BEGIN AVAILABLE DATA
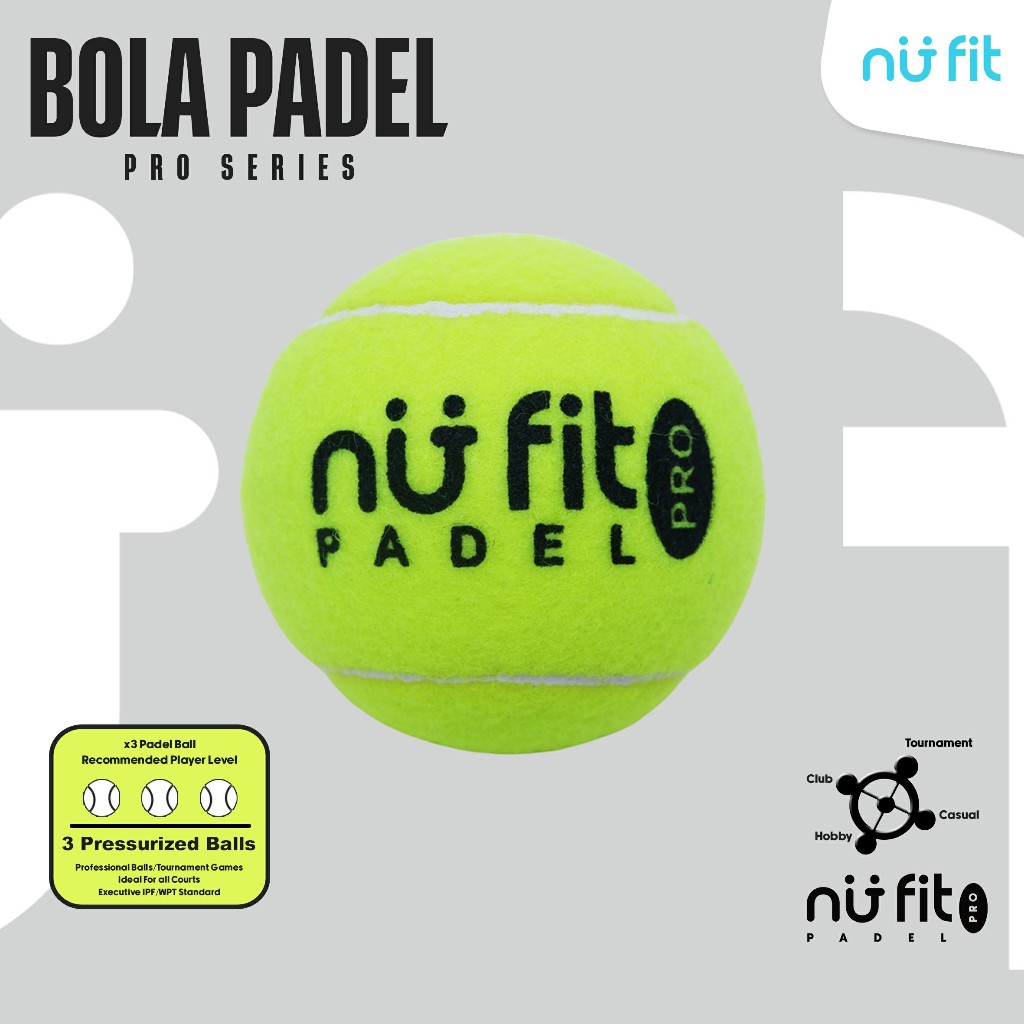 Nu Fit - Bola Padel - Padel Balls Isi 3 - Pressurized Padel Ball - Padel Ball Pro - Padel Ball
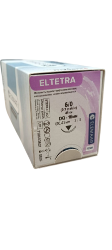 Мононить 60T4DQ16,режущая, политетрафторэтиленовая, неокраш 6/0 (0.7) 16мм, 45см ELTETRA шовный мате
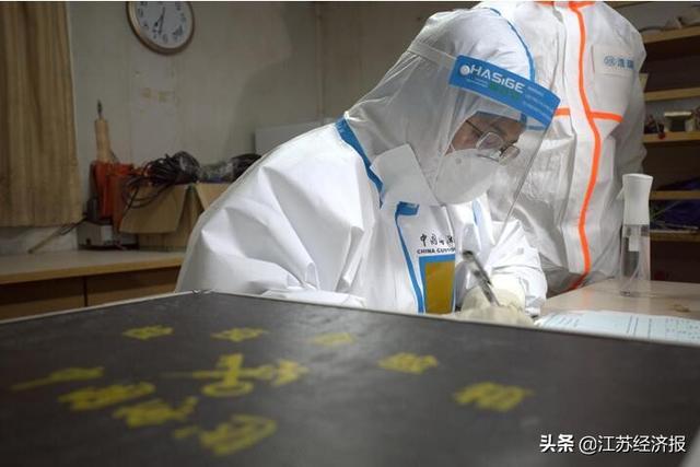 常州海关口岸疫情防控封闭专班成员曹意开展流调工作。王 伟 摄
END AVAILABLE DATA
TASK: Nothing but the pictures should be left out when the listing above is transcribed.

WRITTEN REPLY:
 Nu Fit - Bola Padel - Padel Balls Isi 3 - Pressurized Padel Ball - Padel Ball Pro - Padel Ball
 Мононить 60T4DQ16,режущая, политетрафторэтиленовая, неокраш 6/0 (0.7) 16мм, 45см ELTETRA шовный мате
 常州海关口岸疫情防控封闭专班成员曹意开展流调工作。王 伟 摄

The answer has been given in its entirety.